→ **DATA RECORDS**:
*-*-*
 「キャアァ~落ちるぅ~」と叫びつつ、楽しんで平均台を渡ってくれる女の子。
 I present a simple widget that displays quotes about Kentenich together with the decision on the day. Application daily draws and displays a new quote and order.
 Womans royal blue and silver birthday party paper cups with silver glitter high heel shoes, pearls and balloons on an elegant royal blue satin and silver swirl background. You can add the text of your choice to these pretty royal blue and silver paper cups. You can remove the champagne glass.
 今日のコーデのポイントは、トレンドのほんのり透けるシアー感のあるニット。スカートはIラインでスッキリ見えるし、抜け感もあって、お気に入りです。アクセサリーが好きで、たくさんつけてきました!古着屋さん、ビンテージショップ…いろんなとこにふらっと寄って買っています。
*-*-*
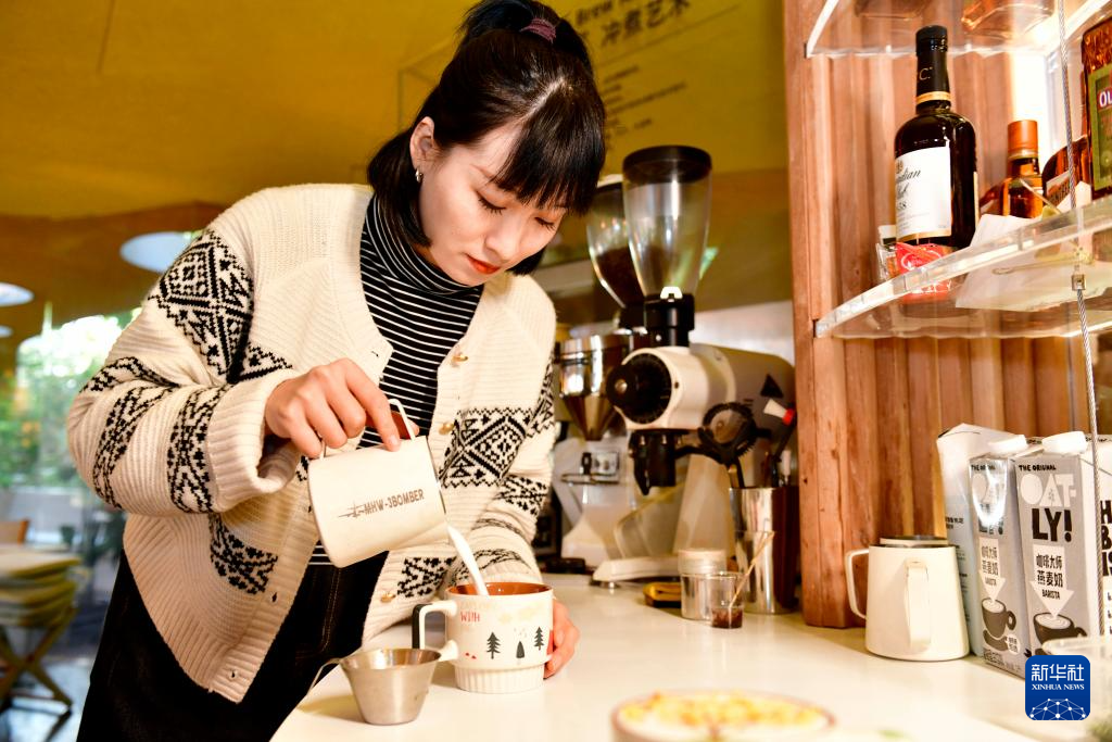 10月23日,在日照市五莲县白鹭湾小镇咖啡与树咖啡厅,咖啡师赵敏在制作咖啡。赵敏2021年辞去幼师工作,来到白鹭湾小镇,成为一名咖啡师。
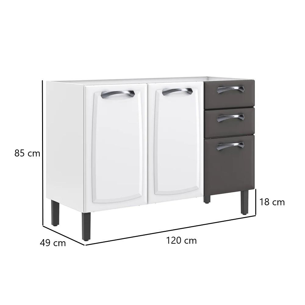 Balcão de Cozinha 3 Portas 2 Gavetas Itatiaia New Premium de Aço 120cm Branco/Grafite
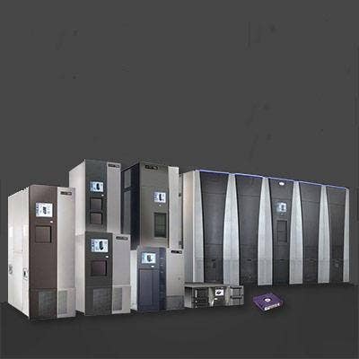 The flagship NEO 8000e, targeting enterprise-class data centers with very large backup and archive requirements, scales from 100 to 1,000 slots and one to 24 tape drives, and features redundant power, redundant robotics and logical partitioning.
*-*-*
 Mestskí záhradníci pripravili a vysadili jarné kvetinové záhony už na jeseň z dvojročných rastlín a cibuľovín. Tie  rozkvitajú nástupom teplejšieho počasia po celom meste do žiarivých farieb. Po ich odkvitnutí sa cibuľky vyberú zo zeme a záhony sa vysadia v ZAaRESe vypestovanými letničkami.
*-*-*
→ **WORK INSTRUCTION**:
Once the line with "Balcão de Cozinha" is found above, transcribe each line from it through the line with "The flagship NEO", exactly, and omit the pictures.

→ **SOLUTION TO THIS TASK**:
 Balcão de Cozinha 3 Portas 2 Gavetas Itatiaia New Premium de Aço 120cm Branco/Grafite
 The flagship NEO 8000e, targeting enterprise-class data centers with very large backup and archive requirements, scales from 100 to 1,000 slots and one to 24 tape drives, and features redundant power, redundant robotics and logical partitioning.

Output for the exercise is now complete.